Highly functional, state-of-the-art robotic hands could be within the grasp of Kiwi amputees if a British engineer realises his dream to make his technology affordable and accessible.

What began for Joel Gibbard as a university robotics assignment has become an international open-source project that combines the revolution of 3D printing with myoelectric prostheses - robotic hands.

He says the Dextrus hand he developed can be put together for less than $1000 and offers much of the functionality of a human hand, using electric motors and steel cables instead of muscles and tendons.

"I've always been fascinated by hands because of their intricacy and complexity," Mr Gibbard said.

"Prosthetics happens to be a highly productive outlet for this interest and enables me to help people while doing something that I love."

Mr Gibbard, who recently launched a crowd-funding bid, said the project was unique because of its price and method of manufacture.

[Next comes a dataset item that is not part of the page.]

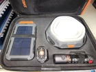 The NEBO Emergency Kit is a versatile unit combining flashlight, headlamp, lantern, and solar battery bank functionalities. It offers a range of 400 to 2000 lumens with three LED lights. Features include magnetic base, waterproof design, rechargeable batteries, wrist strap, and solar power source. The product is in gray color and includes a warning for California Prop 65.

"3D printing is ideal for prostheses because there's no change in cost with different volumes of production," he said.

"Prostheses will always have a relatively low demand which means mass production is not a feasible way of bringing the cost down."

He said most robotic hands typically required a lot of custom fitting and consultations with an orthopaedist, which could prove very expensive.

In Britain, a patient could expect to pay between 20,000 and 70,000 ($38,000 to $135,000), with the hand itself costing 7000 to 25,000.

New Zealand Artificial Limb Service chief executive Mervyn Monk said the cost of myoelectric prostheses had been arguably one of the reasons there was little of this technology in New Zealand.

ACC and the Ministry of Health funded most amputee artificial limb needs in New Zealand.

Mr Gibbard said no additional custom fitting was required to use the hand, but an existing "passive" prosthesis was needed.

"You then just connect the hand and wire the sensors up to your muscles."

So far, the project has gained attention in a range of countries including the US, Japan and Australia, and Mr Gibbard has had approaches from investors across the world.

He envisaged a few early adopters trying the hands initially, but eventually he plans to bring the devices to public health services.

"On the developer side of things, New Zealand has some world-class software developers, which have been internationally recognised, most notably through the work of Weta," he said.

"I'd love to draw on this and other expertise and use it to cultivate the open-source development of the project in New Zealand."

Fingertip technology

Electric motors and steel cables work in the battery-powered Dextrus hand in the way that muscles and tendons would in a human hand.

Its plastic, 3D-printed parts operate like bones, while a rubber coating acts as the skin, with all parts controlled by electronics to provide a natural movement.

The printing technology also enabled amputees to contribute to the design of their own hand.

It uses stick-on electrodes to read signals from remaining muscles which can control the hand, telling it to open or close.

The Dextrus also articulates each finger and thumb individually, allowing it to grasp different shapes and sizes with ease, while a feedback sensor in each finger means the technology is smart enough to know it has touched an object so it can stop closing or grip the object in place.